# ohio outdoor news



## RedCanoe59 (Apr 9, 2009)

i was reading the latest issue the ohio outdoor news about sighting in Muzzleloaders with open sites and it mentioned a restriction on scopes. I was confused because i didn't think there was any rule against scoped ML. i referenced the rule book and couldn't find anything about a restriction. Did they make a mistake or are you not allowed to use a scope?


----------



## dwmikemx (Mar 22, 2008)

News to me???
I have used a 3x9 scope on my muzzle loader for years. Most everybody I know uses a scope on their in-lines.


----------



## Shortdrift (Apr 5, 2004)

That used to be a restriction as well in Penna. Don't know if it is still in effect since they allowed percussion cap some years back.


----------



## Lundy (Apr 5, 2004)

No restriction in Ohio.

The MZ laws vary from state to state, calibers, bullets, ignition systems, scopes.


----------



## Bad Bub (Jan 17, 2006)

Pa. Still has a flintlock only season.
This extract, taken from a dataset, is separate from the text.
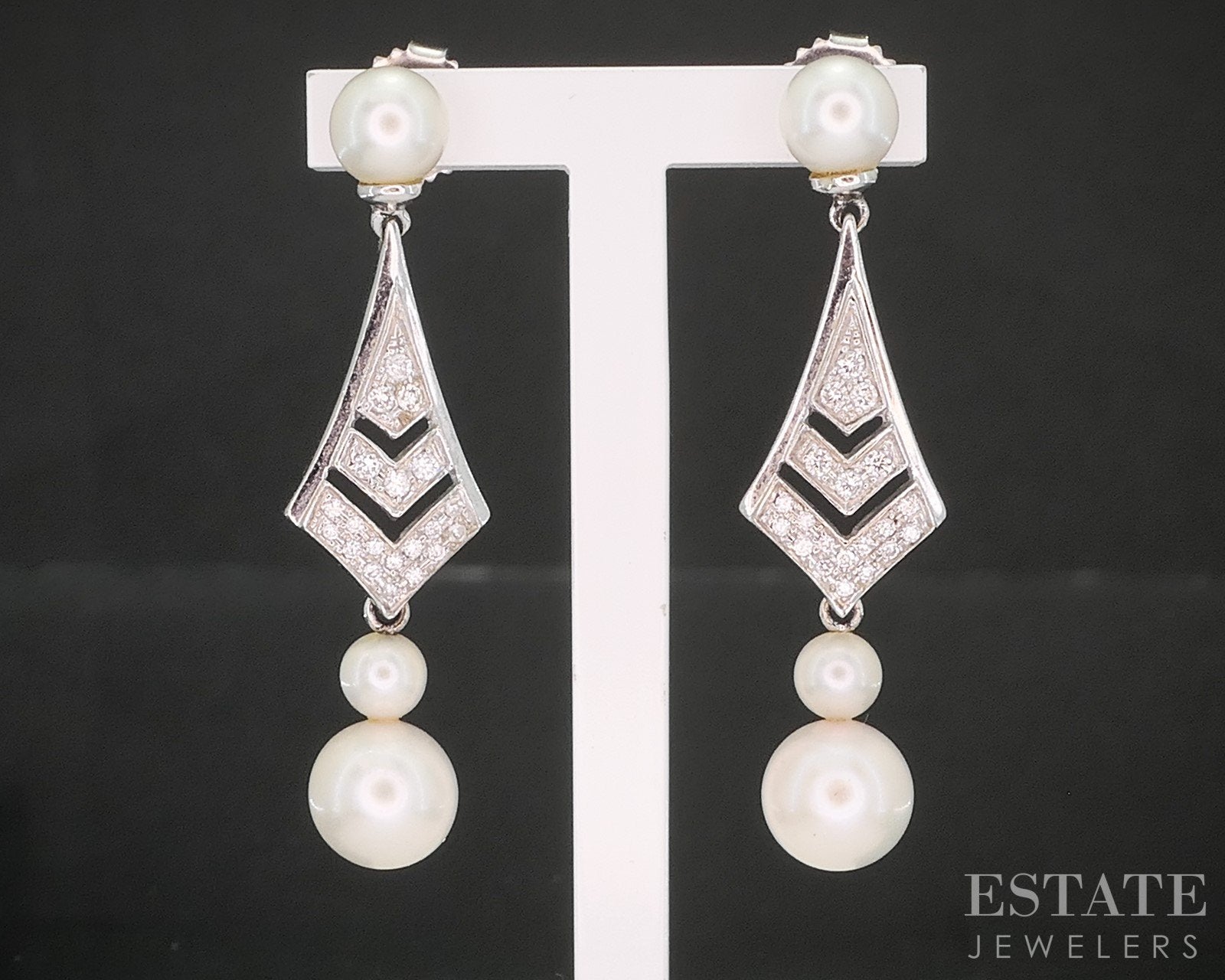 Additional Info: Lovely ladies Art Deco inspired earrings with a lustrous Akoya Pearls set on the bottom and top. Sparkling Diamond accents set in the middle.

Iron sites only.

Outdoor Hub mobile, the outdoor information engine


----------



## RedCanoe59 (Apr 9, 2009)

thats what i thought, they must have barrowed the artical, because i was checked last year during ML to make sure my primer wasnt in when i crossed a road and the warden didn't say anything about my scope. thanks for the info


----------



## Bonemann (Jan 28, 2008)

Pa. has an early season for modern ML and now, day after Christmas is their traditional season flint lock iron sights.


----------